J’ai travaillé à l’Insee et à la direction générale du Trésor. À l’Institut National de la Statistique et des Études Économiques Réunion-Mayotte (Insee), je m’occupais de macro-économie avant d’être nommé chef d’un service d’études et de diffusion en direction régionale à Lille, puis responsable de la communication externe de l’Insee. J’ai également occupé le poste de directeur régional de l’Insee Lorraine. Au Trésor, j’ai exercé en tant qu’économiste ; je supervisais les équipes en charge de l’économie de l’environnement et de l’économie agricole, puis des prévisions macroéconomiques.


BUSINESS MAGAZINE. La devise de l’Insee est : «Mesurer pour comprendre». Comment cela se traduit-il ?

Notre première mission est de produire des statistiques. Pour ce faire, nous collectons des informations sur le terrain en vue d’établir le recensement, l’indice des prix, de mener des enquêtes auprès des ménages et des entreprises. Nous utilisons aussi les données fiscales, dans le respect du secret des statistiques, bien évidemment. C’est ce qui correspond à la partie «Mesurer» de la devise. Nous mesurons ainsi l’activité économique et sociale. L’autre aspect, le «Comprendre», c’est la valorisation de ces données. C’est une activité essentielle. À partir des données collectées, nous analysons les chiffres et interprétons les résultats. 


BUSINESS MAGAZINE. Ce sont ces résultats que vous communiquez ensuite ?

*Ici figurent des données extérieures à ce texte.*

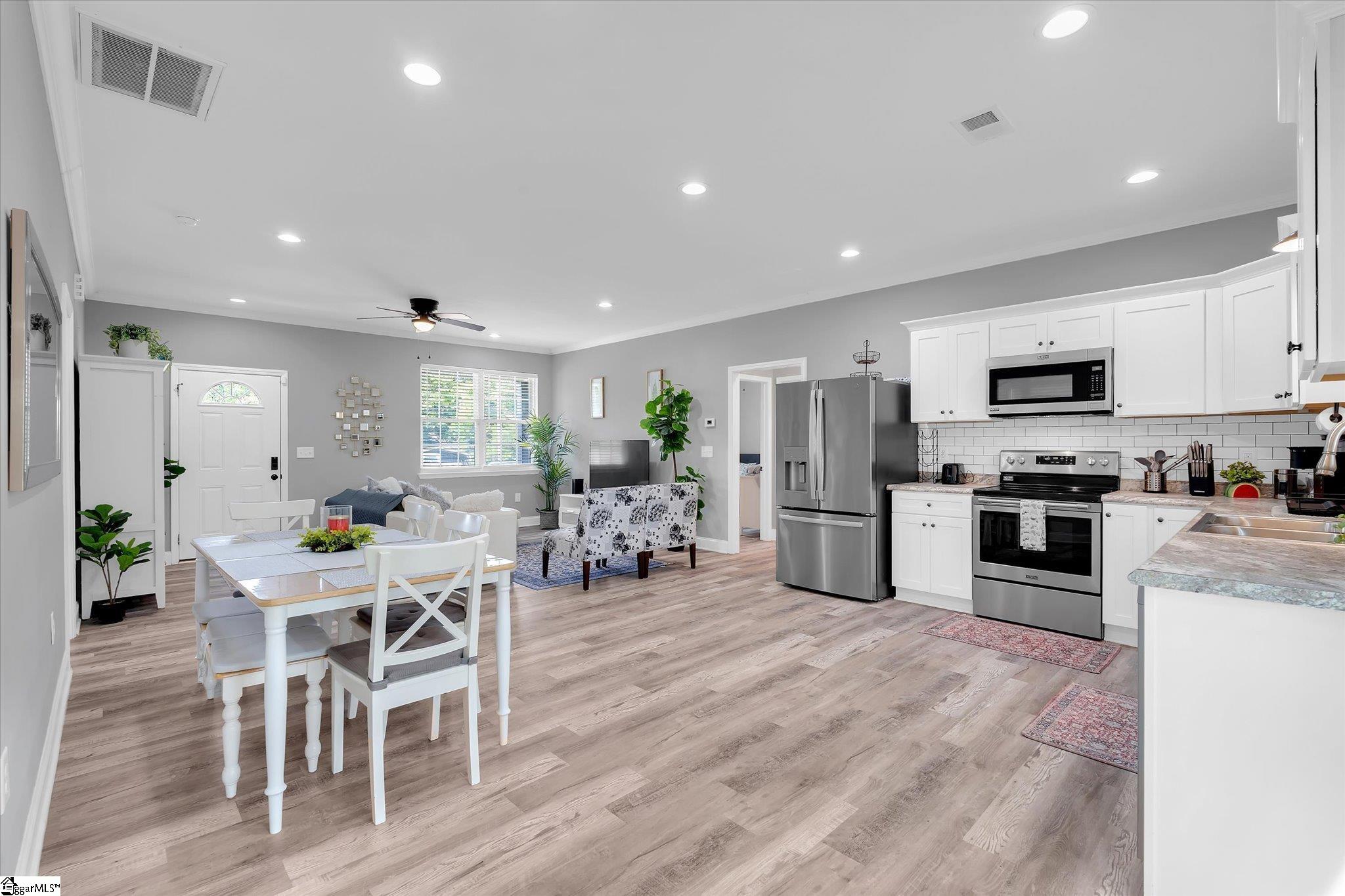 Looking for a Home without HOA or an Investment Home for Airbnb or Short Term Rental?? This modern 3-bedroom, 2-bath home sits on a spacious half-acre lot and is fully optimized for flexibility as a primary residence or income-producing short-term rental. The open-concept layout features luxury vinyl plank flooring throughout and a completely carpet-free design, making the home durable and low-maintenance, ideal for high guest turnover. The primary suite includes a large walk-in closet, dual sinks, and a relaxing private feel. A convenient side entrance leads directly into the laundry room, offering functional access for everyday living or guest use. Exterior finishes include stone veneer and vinyl siding, providing strong curb appeal with minimal upkeep. The fenced backyard enhances privacy and usability, featuring a gazebo, perfect for outdoor entertaining, a key driver for Airbnb guest satisfaction. With no HOA restrictions, this property provides added flexibility for short-term rental use. Its layout, finishes, and outdoor amenities make it a strong candidate for Airbnb or VRBO, while still serving perfectly as a full-time residence.
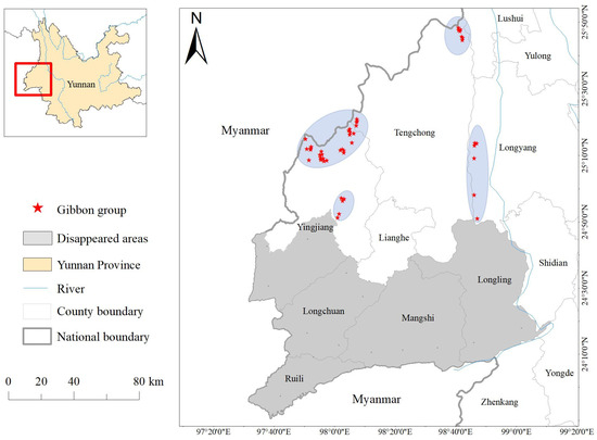 - Fan, P.F.; Wen, X.; Sheng, H. Distribution and conservation status of the Vulnerable eastern hoolock gibbon Hoolock leuconedys in China. Oryx 2011, 45, 129–134. [Google Scholar]

La diffusion des résultats entre aussi dans le cadre de nos missions. Il faut rappeler que tous les résultats sont publiés. Tout un chacun doit pouvoir s’appuyer sur les chiffres communiqués par l’Insee. Nous invitons ainsi les médias lors de conférences de presse pour relayer auprès du grand public les résultats de nos enquêtes. Au-delà de la simple communication des résultats, nous organisons régulièrement des rencontres ouvertes au grand public, les «Rendezvous de l’Insee». L’objectif est de présenter un panorama de la société locale et des enjeux qu’elle rencontre. La présentation donne lieu à des débats et des échanges sur des sujets comme «Le portrait économique et social de La Réunion» ou encore «La population réunionnaise à l’horizon 2050. Autant de seniors que de jeunes». On peut aussi suivre notre actualité sur notre compte Twitter (@InseeOI), sur lequel on peut consulter les dernières publications régionales et nationales de l’Insee, mais aussi mieux comprendre le fonctionnement de l’institution. De courtes vidéos, des infographies ou des schémas expliquent, par exemple, à quoi sert l’indice des prix à la consommation ou la manière dont l’Insee calcule le produit intérieur brut (Pib).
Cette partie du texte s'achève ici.